Summer 2019 observations show a rapid resurgence of the Blob-like warm sea surface temperature (SST) anomalies that produced devastating marine impacts in the Northeast Pacific during winter 2013/2014. Unlike the original Blob, Blob 2.0 peaked in the summer, a season when little is known about the physical drivers of such events. We show that Blob 2.0 primarily results from a prolonged weakening of the North Pacific High-Pressure System. This reduces surface winds and decreases evaporative cooling and wind-driven upper ocean mixing. Warmer ocean conditions then reduce low-cloud fraction, reinforcing the marine heatwave through a positive low-cloud feedback. Using an atmospheric model forced with observed SSTs, we also find that remote SST forcing from the central equatorial and, surprisingly, the subtropical North Pacific Ocean contribute to the weakened North Pacific High.

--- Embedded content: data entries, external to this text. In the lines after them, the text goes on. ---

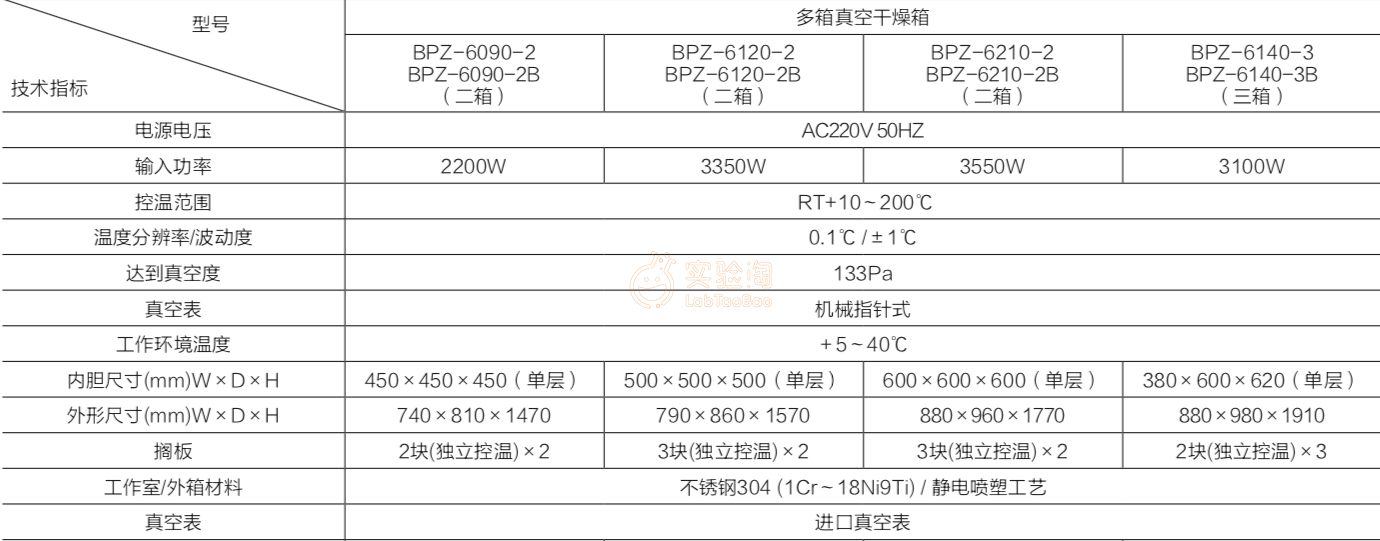 干燥箱 一恒 BPZ多箱真空干燥箱 BPZ-6140-3 三箱 可独立抽真空或加温或注氮气,选配LED照明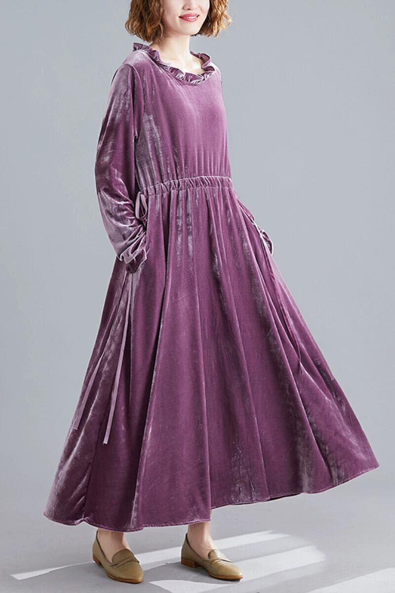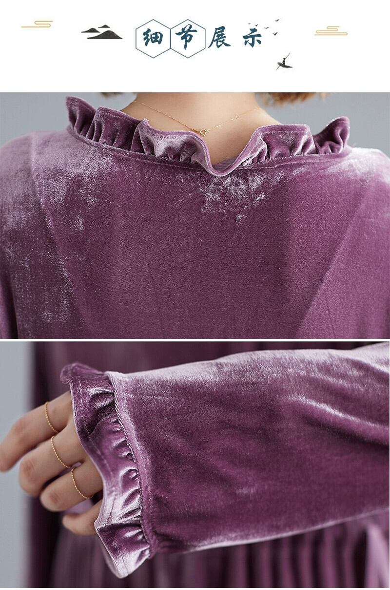レトロなプラスサイズの女性のベルベットのドレス春と秋の新しい緩いスプライシング腹カバー大きな裾紫色の長袖ミドル丈スカート ロング 大きめサイズ スプリング 春物 オータム 秋物 パープル sine9338131376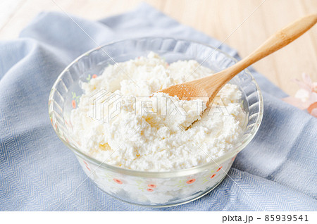 リコッタチーズ イタリアンチーズ 乳製品 リコッタ 白い器 白い背景 イタリア料理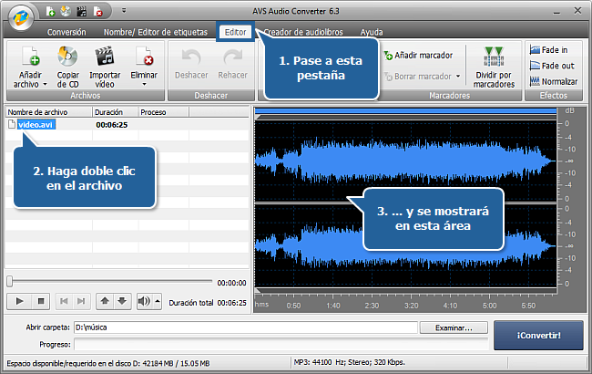 - cambie a la pestaña Editor y haga doble clic en el archivo necesario. La pista de audio se visualizará en el área a la derecha: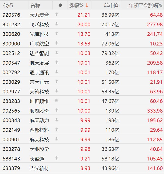 格隆汇12月8日|A股市场商业航天股掀涨停潮,截至半日收盘,天力复合涨超21%,飞沃科技20CM涨停,光库科技、广联航空涨超13%,达华智能、航天发展、通宇通讯、吉大正元、天箭科技、坤恒顺维、顺灏股份、航天动力、西部材料、航天科技、大业股份10CM涨停,长盈通涨超9%,华光新材涨近9%。

Our multi-faceted analysis sheds light on the physical drivers governing the intensity and longevity of summertime North Pacific marine heatwaves.

Suggested Citation

  • Dillon J. Amaya & Arthur J. Miller & Shang-Ping Xie & Yu Kosaka, 2020. "Physical drivers of the summer 2019 North Pacific marine heatwave," Nature Communications, Nature, vol. 11(1), pages 1-9, December.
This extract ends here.